- Country: Canada
- Province: Quebec
- Region: Nord-du-Québec
- TE: Kativik
- Constituted: September 8, 2004

Government
- • Federal riding: Abitibi—Baie-James—Nunavik—Eeyou
- • Prov. riding: Ungava

Area
- • Total: 256.20 km^{2} (98.92 sq mi)
- • Land: 257.78 km^{2} (99.53 sq mi)
- There is an apparent contradiction between two authoritative sources

Population (2011)
- • Total: 0
- • Density: 0.0/km^{2} (0/sq mi)
- • Change (2006–11): N/A
- • Dwellings: 0
- Time zone: UTC−5 (EST)
- • Summer (DST): UTC−4 (EDT)

= Umiujaq (Inuit reserved land) =

Umiujaq (ᐅᒥᐅᔭᖅ) is an Inuit reserved land (Category I land for Inuit) in Nunavik, in northern Quebec.
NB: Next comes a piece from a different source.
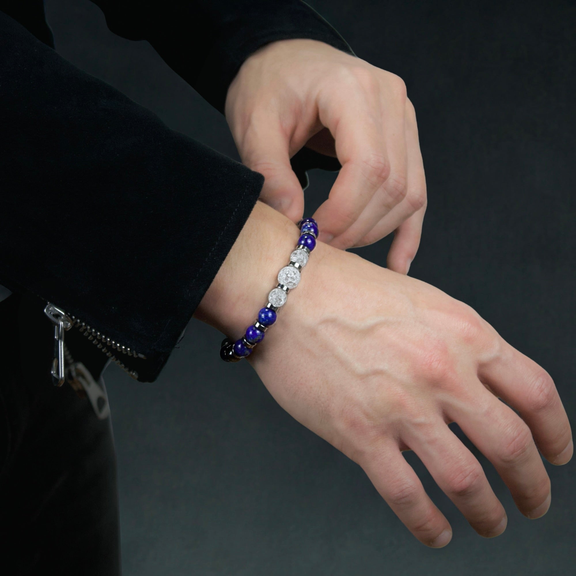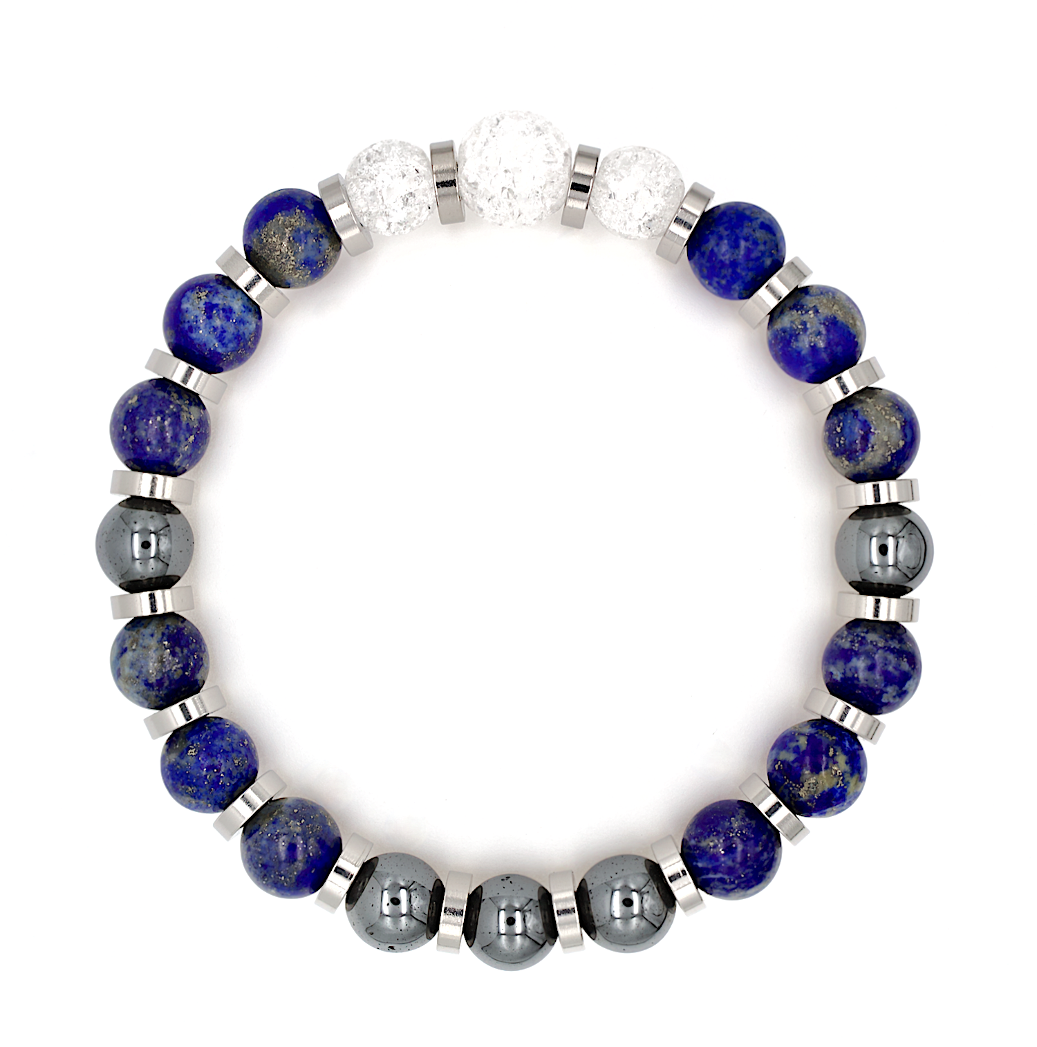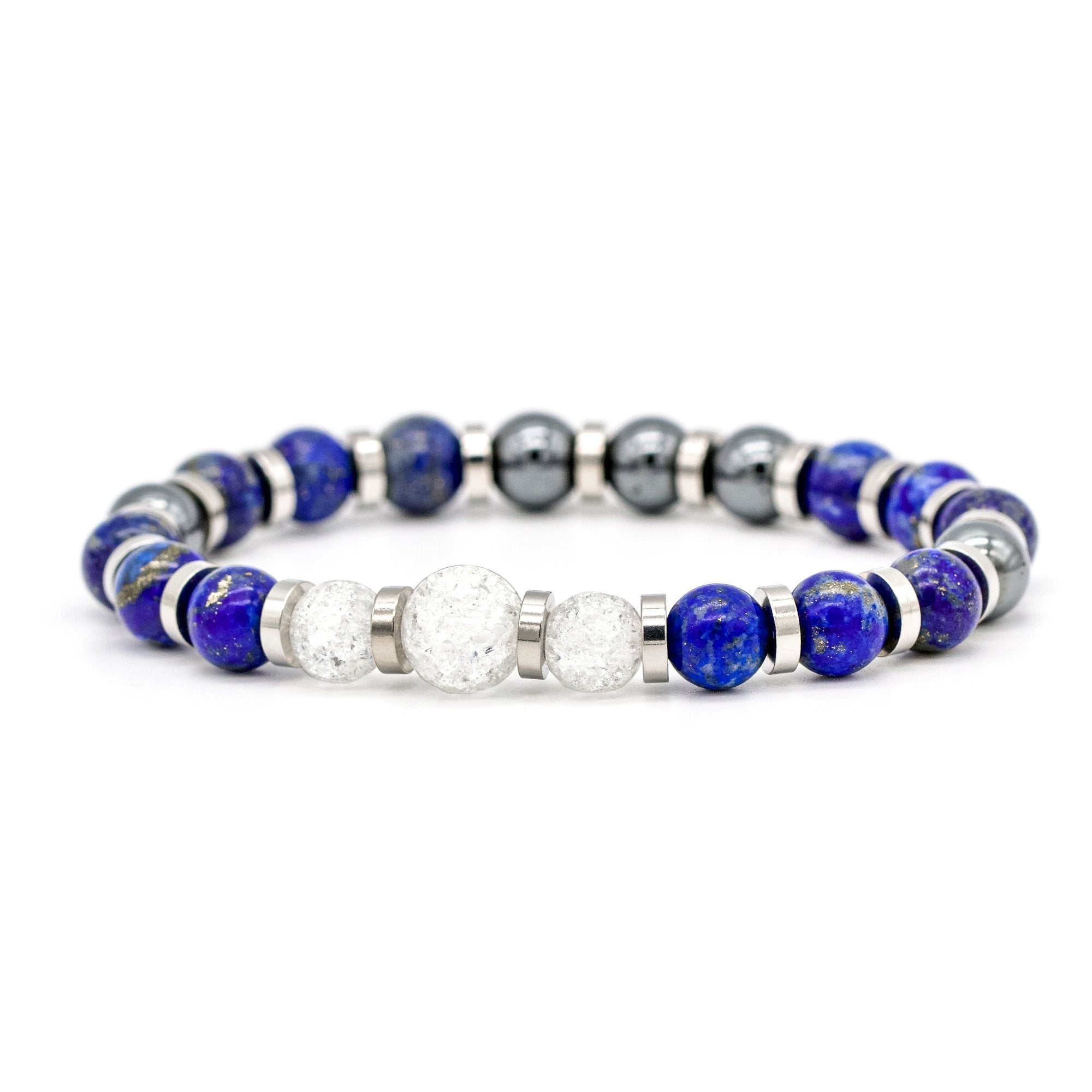 Featuring Clear Quartz, Lapis Lazuli, and Hematite, this bracelet harnesses the combined energy of these powerful gemstones. Clear Quartz promotes focus, organization, and confidence in achieving your goals. Lapis Lazuli, symbolizing heavenly power, enhances intuition, brings prosperity, and strengthens your will. Hematite amplifies your energy potential, supports career growth, and prevents impulsive decisions, helping you stay grounded and clear-minded.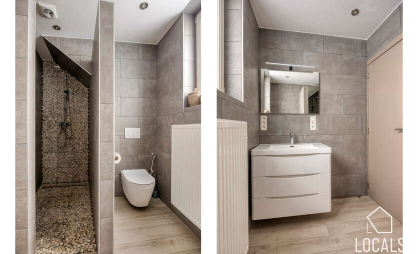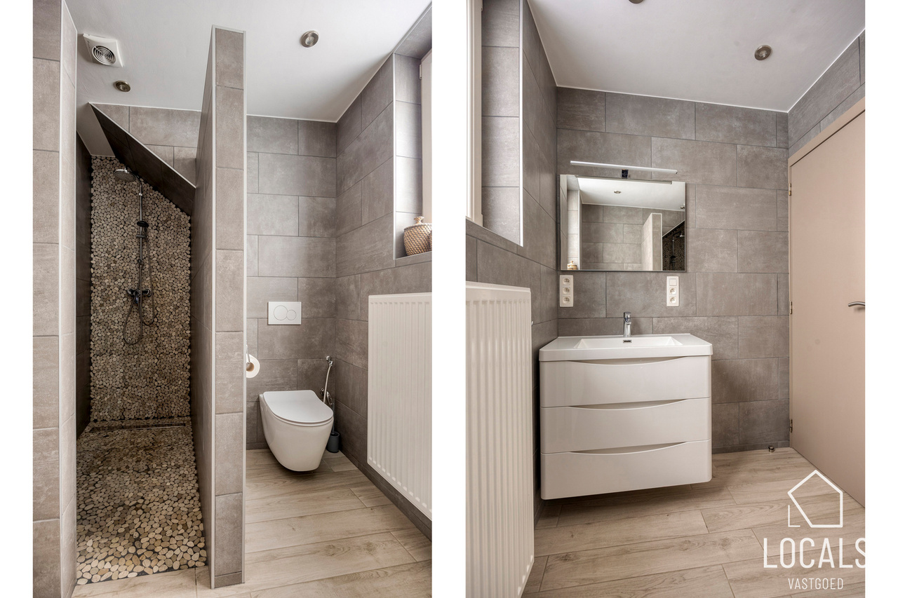 Op de bovenverdieping wachten drie volwaardige slaapkamers en een moderne badkamer, uitgerust met een inloopdouche/lavabomeubel en een tweede toilet. De zolder biedt nog extra stockage en maakt het plaatje helemaal compleet. Deze woning combineert een doordachte indeling met een hoogwaardige afwerking, en vormt zo de ideale thuis voor wie op zoek is naar een instapklare woning op een centrale locatie.

Like all Inuit reserved lands in Quebec, it has no resident population (as of the Canada 2011 Census and previous censuses) and is associated with a nearby northern village of the same name: Umiujaq.

To its south, the Inuit reserved land of Umiujaq borders on the Inuit reserved land of Kuujjuarapik. Unlike most Inuit reserved lands, the Inuit reserved land of Kuujjuarapik is not located anywhere near its eponymous northern village, Kuujjuarapik, which is located 160 kilometres farther south near the Cree village of Whapmagoostui.